Он страшно хотел спать и готов был приложить голову хоть на камни.
Филипп не знал, сколько проспал, однако, когда открыл глаза, на кухне было еще темно, да и за окном едва-едва пробивался серенький рассвет.
Рядом с ним, положив свою руку на его ладонь, на самом краю раскладушки сидела Марина, едва прикрытая коротеньким легким халатиком.
Не в силах сообразить спросонья, что все это могло значить, он вскинулся на подушке и вдруг почувствовал теплоту женской ладони в своей руке.
— Что?.. Что-нибудь случилось?
Марина шевельнулась и сжала его пальцы.
— Нет. Не знаю. Впрочем, наверное случилось.
Все это она произнесла на выдохе, горячечным шепотом, обдавая своим дыханием его лицо.
В голову ударила жаркая волна, и Агеев окончательно продрал глаза. Он, кажется, начал понимать, что же такое случилось с Мариной, но не мог поверить в это. Да и к чему, спрашивается, ей, такой молодой и такой красивой актрисе, кому, стоя, рукоплещет зрительный зал, он, Филипп Агеев, у которого если что и было яркое по жизни, так все это осталось в далеком прошлом, а ныне — простой сотрудник агентства «Глория»?
— Марина… — таким же горячечным шепотом выдохнул Агеев и замолчал, пытаясь унять рвущееся из груди сердце.
— Да? — негромко прошептала она, и он вдруг почувствовал сначала жаркое прикосновение ее груди, а потом легкое прикосновение ее жарких, влажных губ.
Все еще боясь обнять ее и прижать к себе, Филипп чуть подвинулся, освобождая ей место, и Марина, поддавшись этому его движению, резким рывком сбросила с себя халатик.
И снова ее дыхание на его губах.
— Ну же, обними меня… Обними!
Опасаясь, что под ним развалится раскладушка, он потянул ее на себя, но она вдруг схватила его за руку и потянула за собой.
— Все!
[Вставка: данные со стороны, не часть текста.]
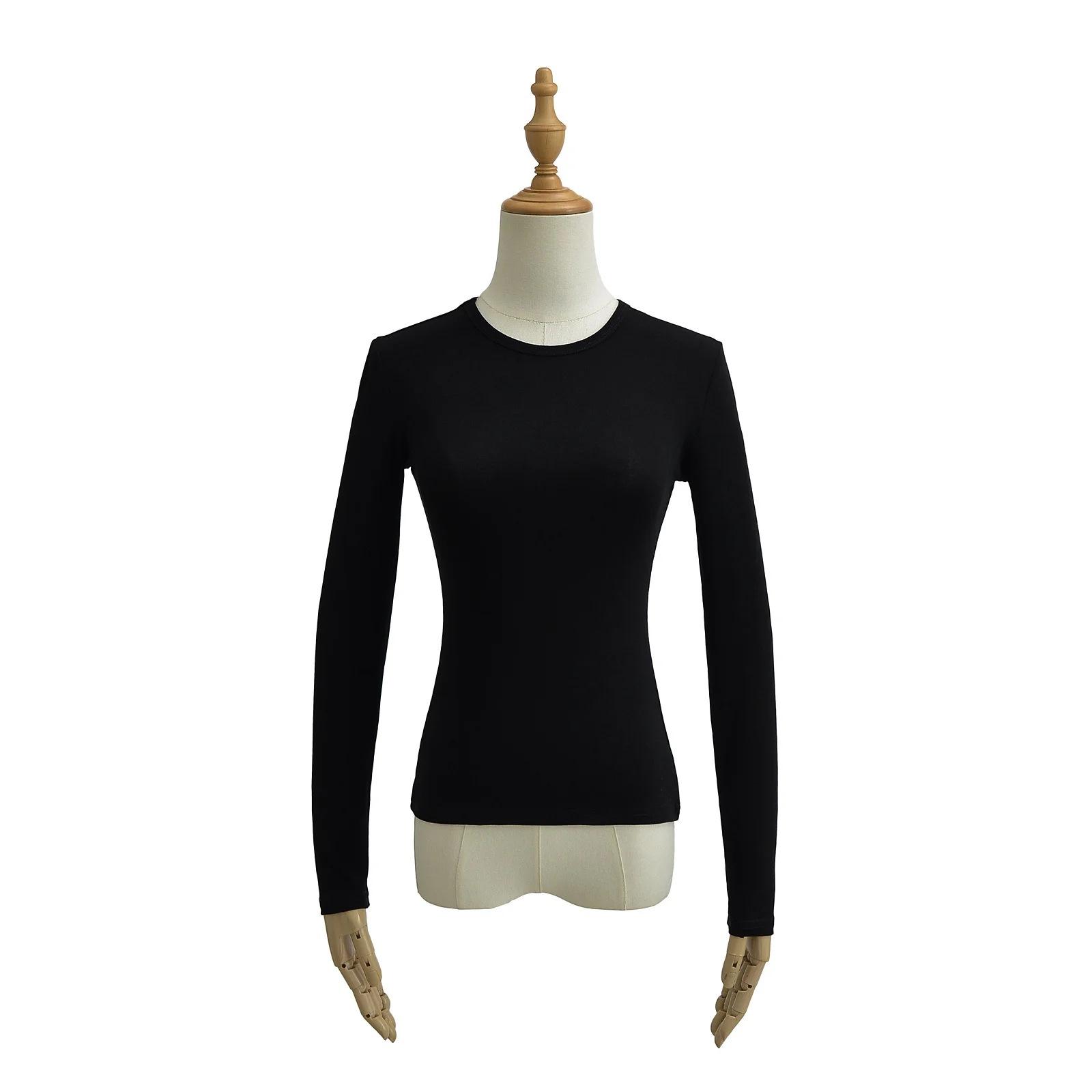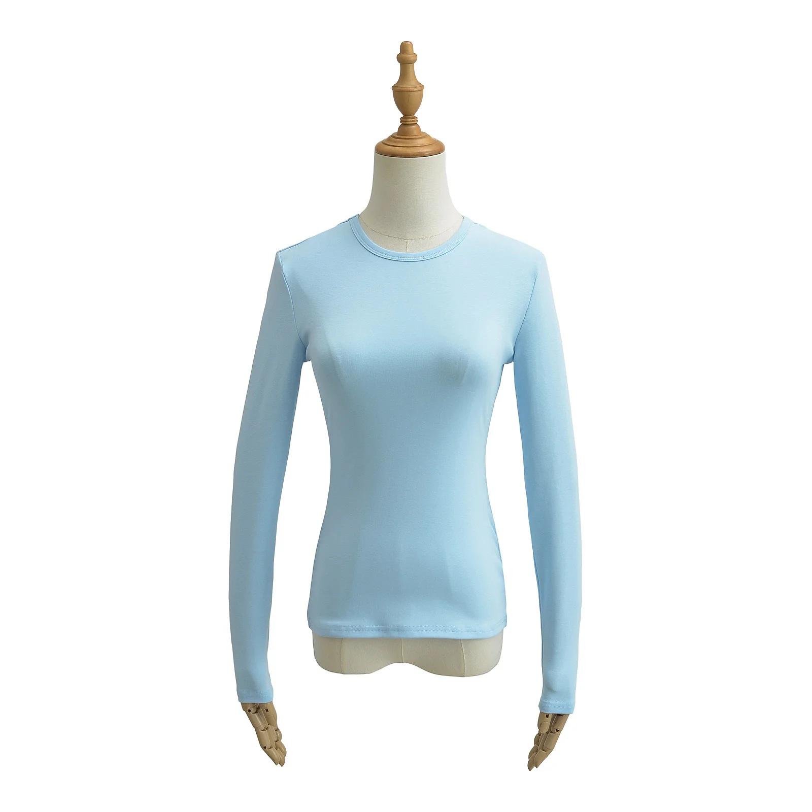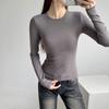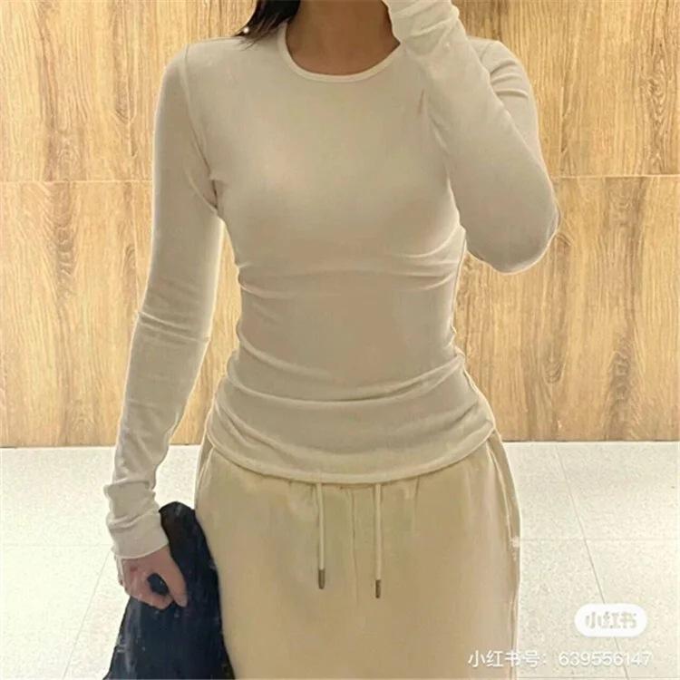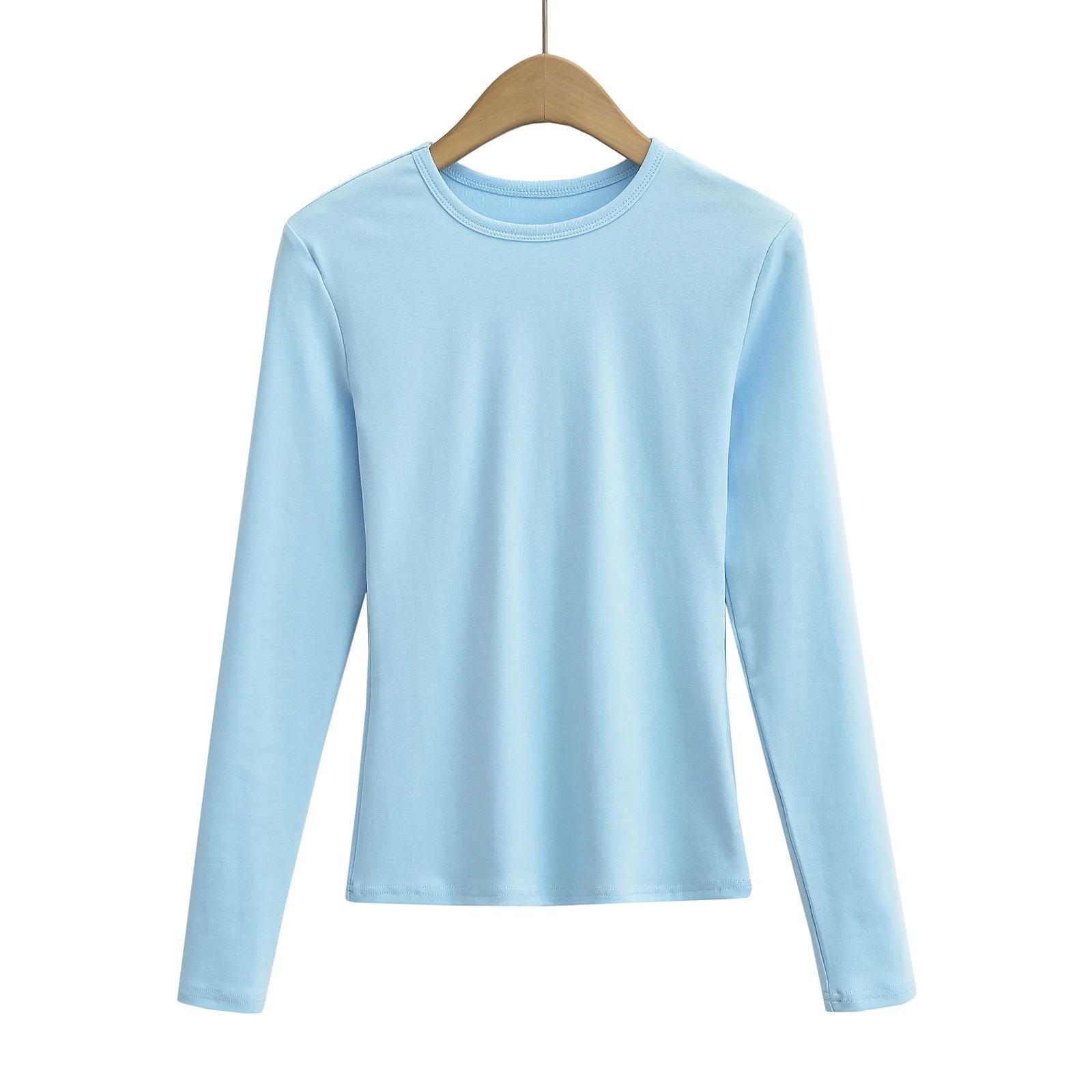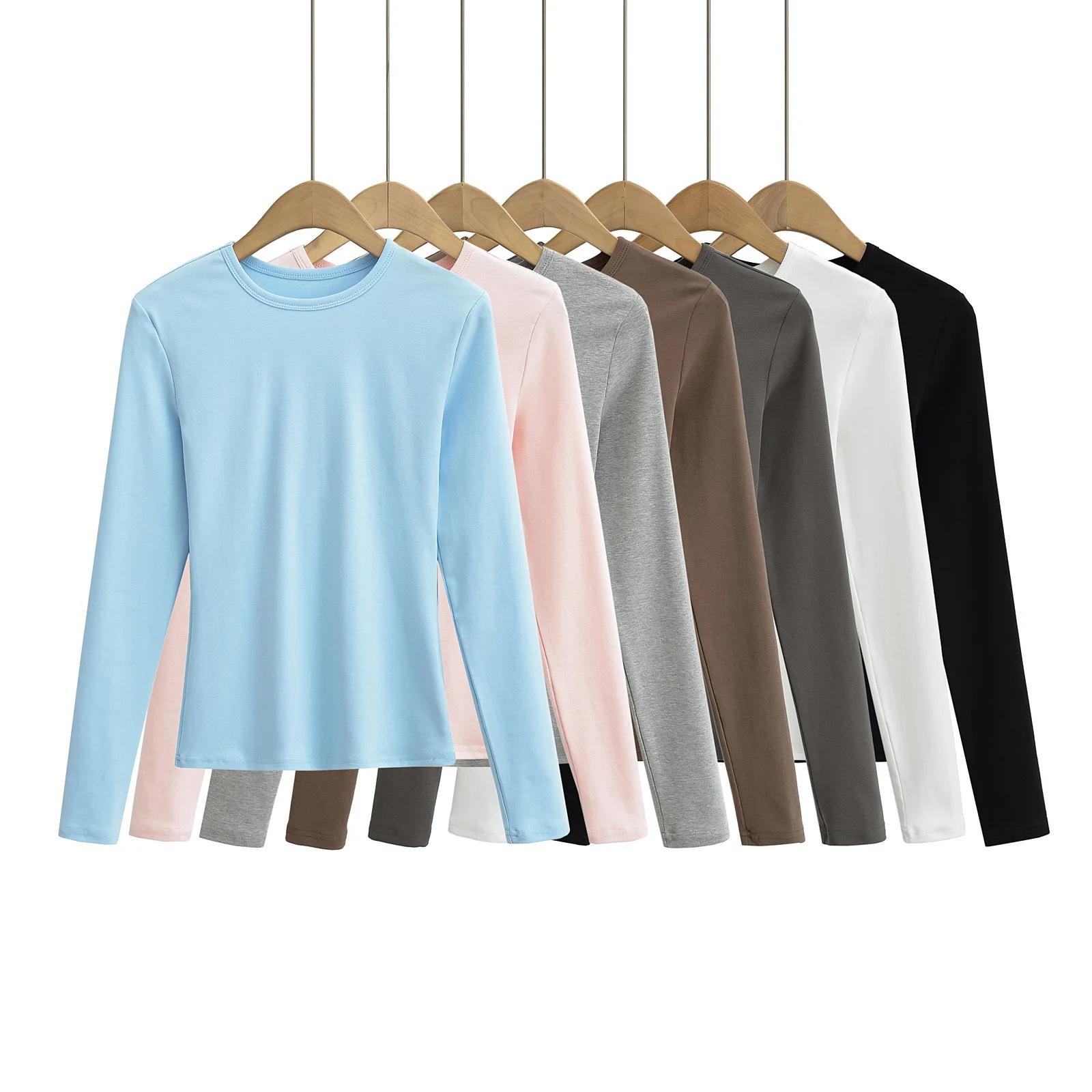Nueva camiseta básica de manga larga versátil con cuello redondo pequeño de estilo europeo y americano para mujer, primavera y otoño, nueva camisa elástica ajustada para mujer

Пошли в комнату. Ну же… Пошли!
И продолжала тащить его за собой, пока он, босой и полуобнаженный, не поддался ее воле.
С силой толкнула его на разложенный диван, поверх которого белела простыня, и, обхватив его шею руками, почти впилась в его губы, прижимаясь извилистым, податливым телом.
— Ну же! Чего ты ждешь?
И застонала громко, покрывая его лицо, шею и грудь горячечными поцелуями.
Уже поздним утром, когда они поднялись с дивана и Марина отправилась на кухню варить кофе, а он принимал душ, она подала ему свежее банное полотенце, провела ладошкой по его бедру и негромко произнесла:
— Ты… ты простишь меня за Игоря?
— Господи, да о чем ты говоришь! Это ты… ты меня прости.
Она, казалось, не слышала его.
— Я… я очень благодарна тебе.
Агеев молчал, не зная, что сказать.
— И я… Ты еще придешь ко мне?
— А куда ж я денусь?
— Я не это имела в виду, не охрану, — сморщилась, словно от зубной боли, Марина. — Ты придешь ко мне, когда закончится весь этот кошмар?
Он прижал ее к себе.
— Если только ты сама меня не прогонишь.